Astronomical instrument

Archeops was a balloon-borne instrument dedicated to measuring the Cosmic microwave background (CMB) temperature anisotropies. The study of this radiation is essential to obtain precise information on the evolution of the Universe: density, Hubble constant, age of the Universe, etc. To achieve this goal, measurements were done with devices cooled down at 100mK temperature placed at the focus of a warm telescope. To avoid atmospheric disturbance the whole apparatus is placed on a gondola below a helium balloon that reaches 40 km altitude.

Archeops has four bands in the millimeter domain (143, 217, 353 and 545 GHz) with a high angular resolution (about 15 arcminutes) in order to constrain small anisotropy scales, as well as a large sky coverage fraction (30%) in order to minimize the intrinsic cosmic variance.

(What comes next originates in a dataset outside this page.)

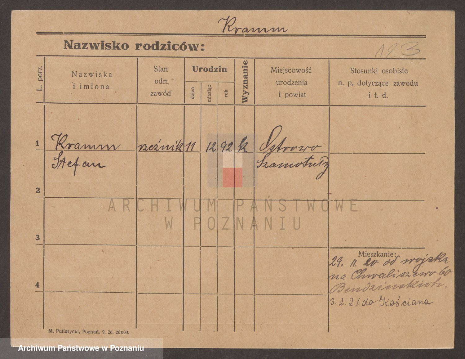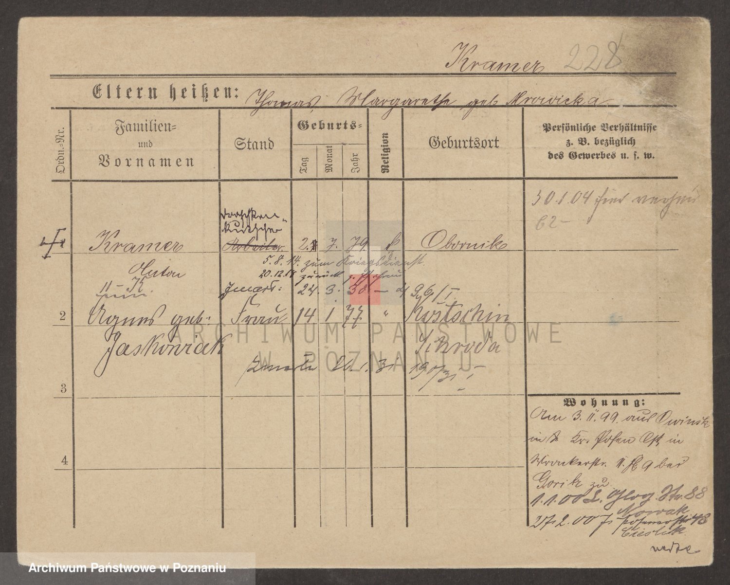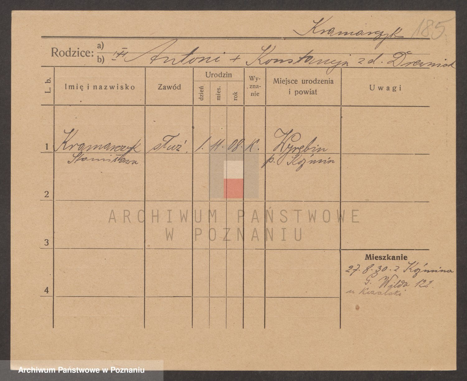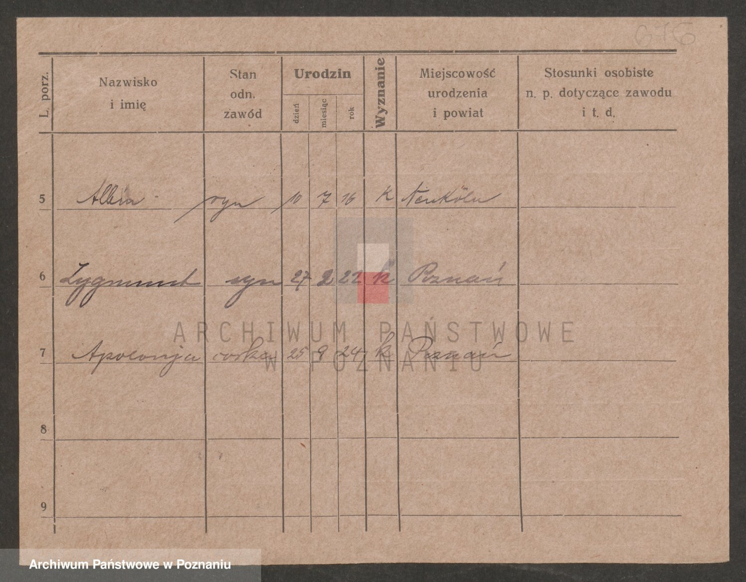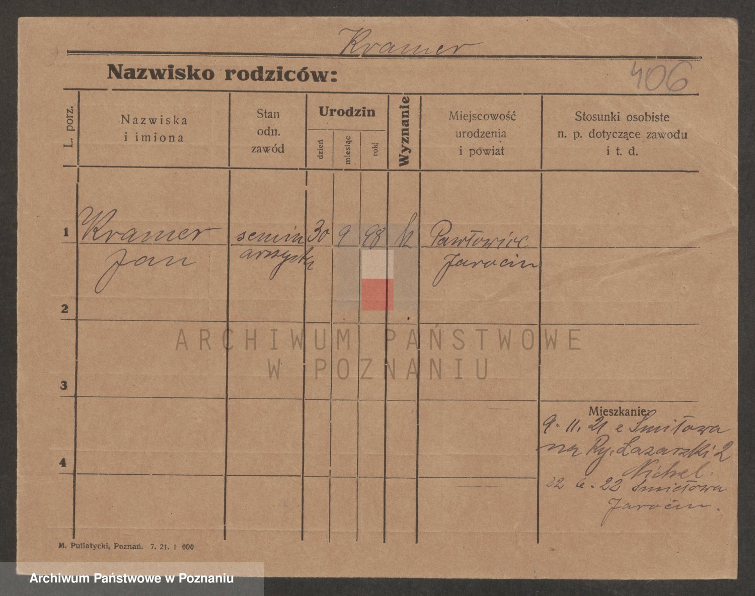 Podgląd karty osobowej dostępny jest po kliknięciu na nazwisko lub ikonkę karty. Można dokonywać powiększenia (ikony na górze) lub przechodzić między kolejnymi skanami (strzałki po bokach).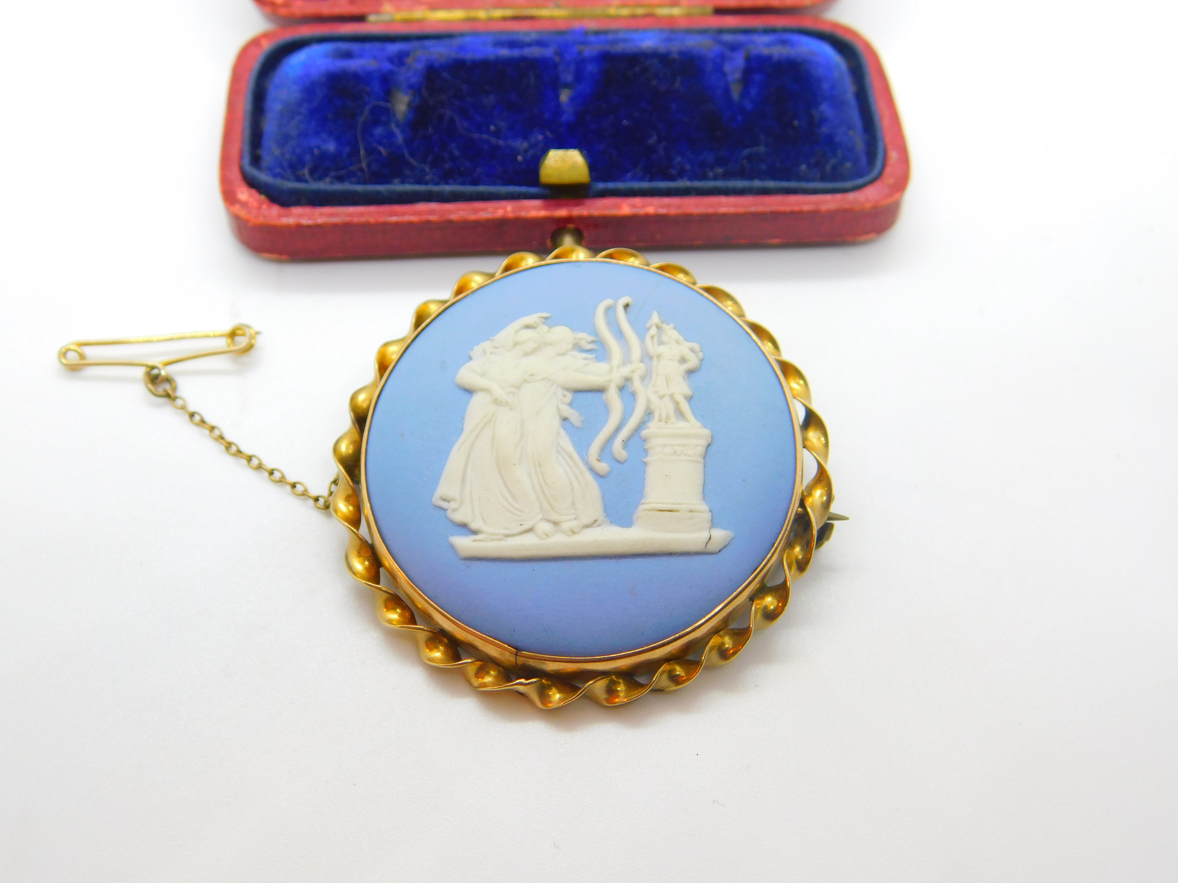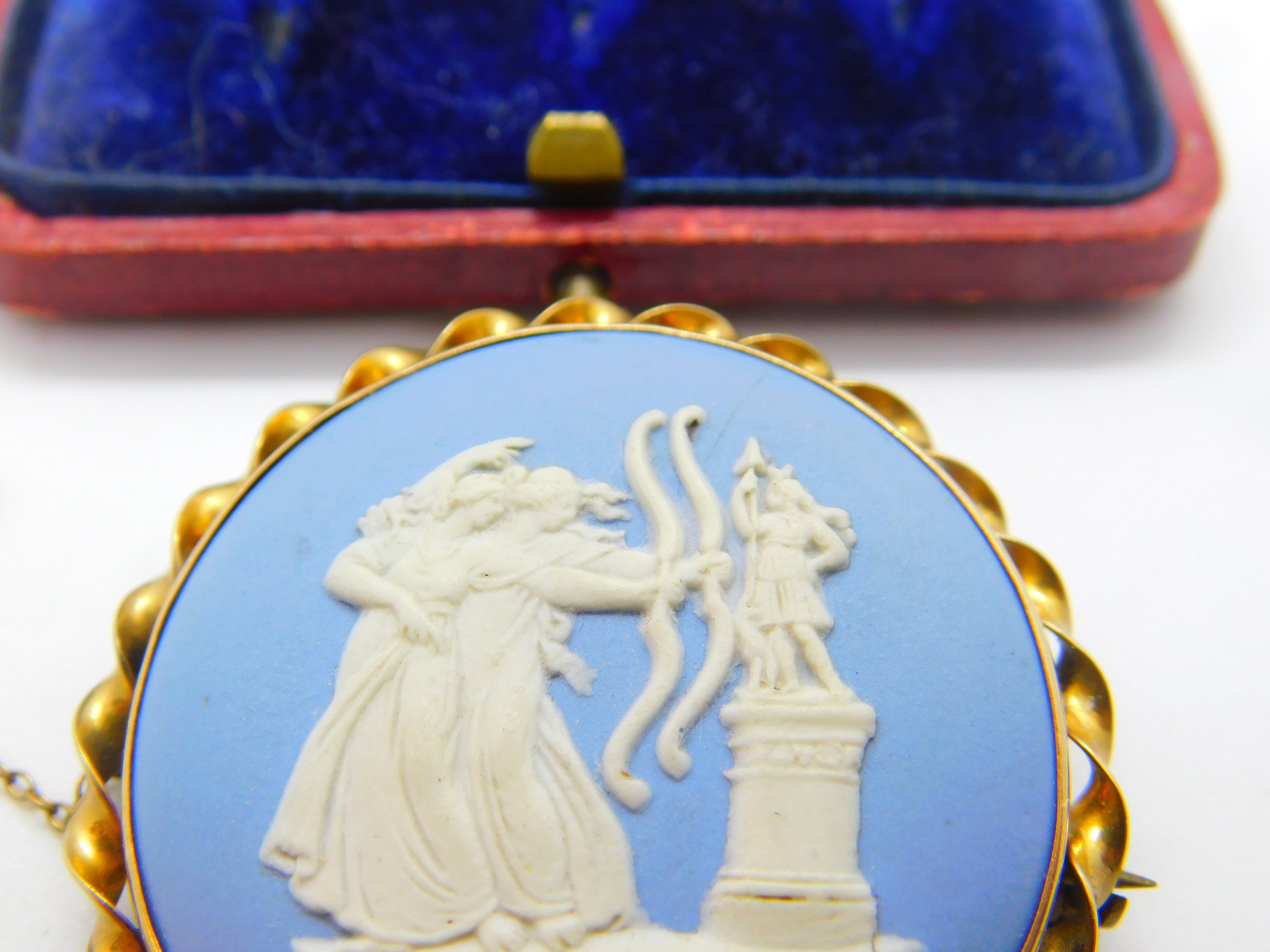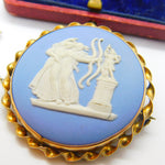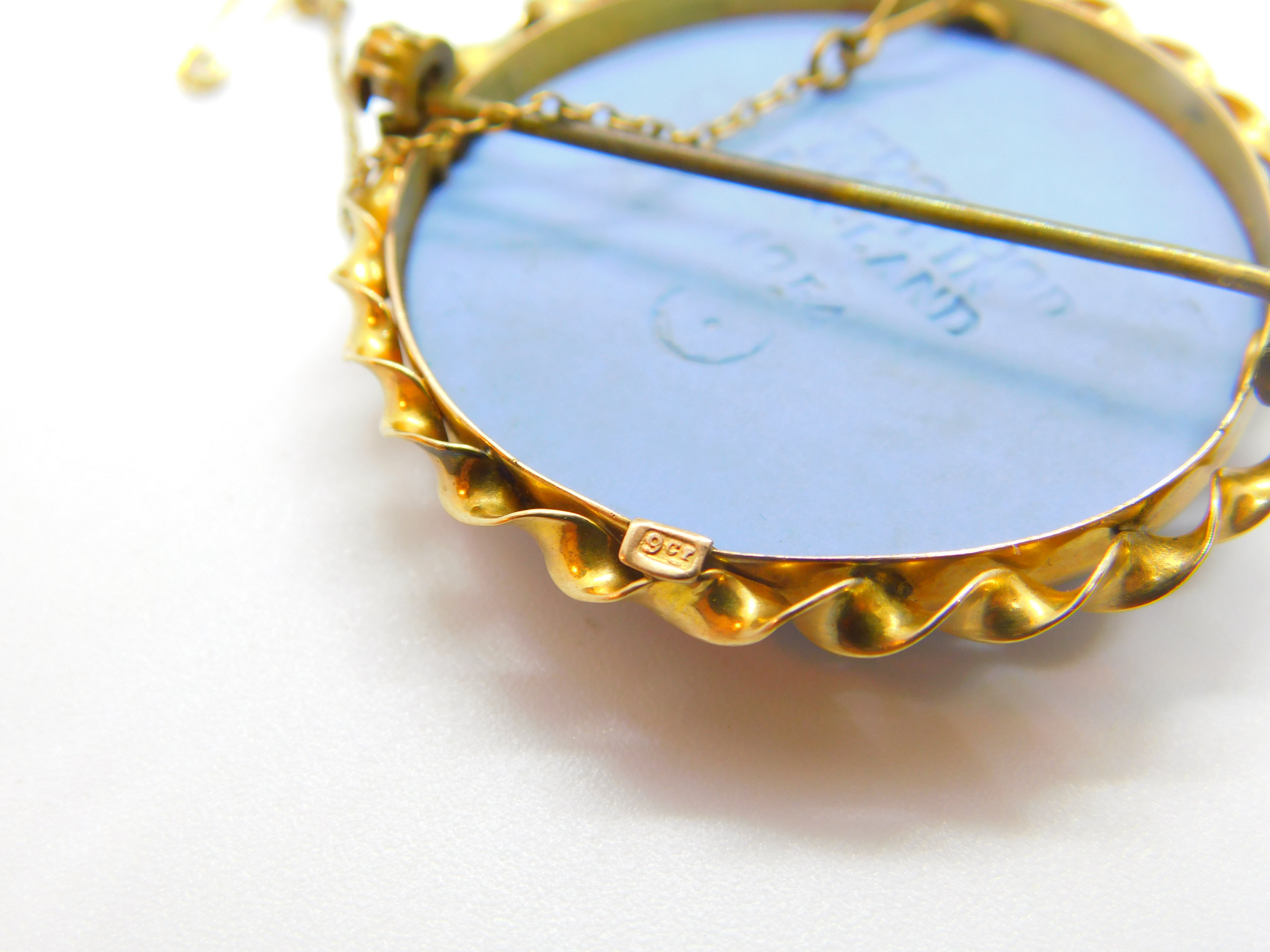 9ct Yellow Gold Ropework Wedgwood Jasperware Archer Goddess Brooch 1954

== Instrument and flights ==
The instrument was designed by adapting concepts put forward for the High Frequency Instrument of Planck surveyor (Planck-HFI) and using balloon-borne constraints.
Namely, it consists of an open 3He-4He dilution cryostat cooling spiderweb-type bolometers at 100 mK; cold individual optics with horns at different temperature stages (0.1, 1.6, 10 K) and an off-axis Gregorian telescope.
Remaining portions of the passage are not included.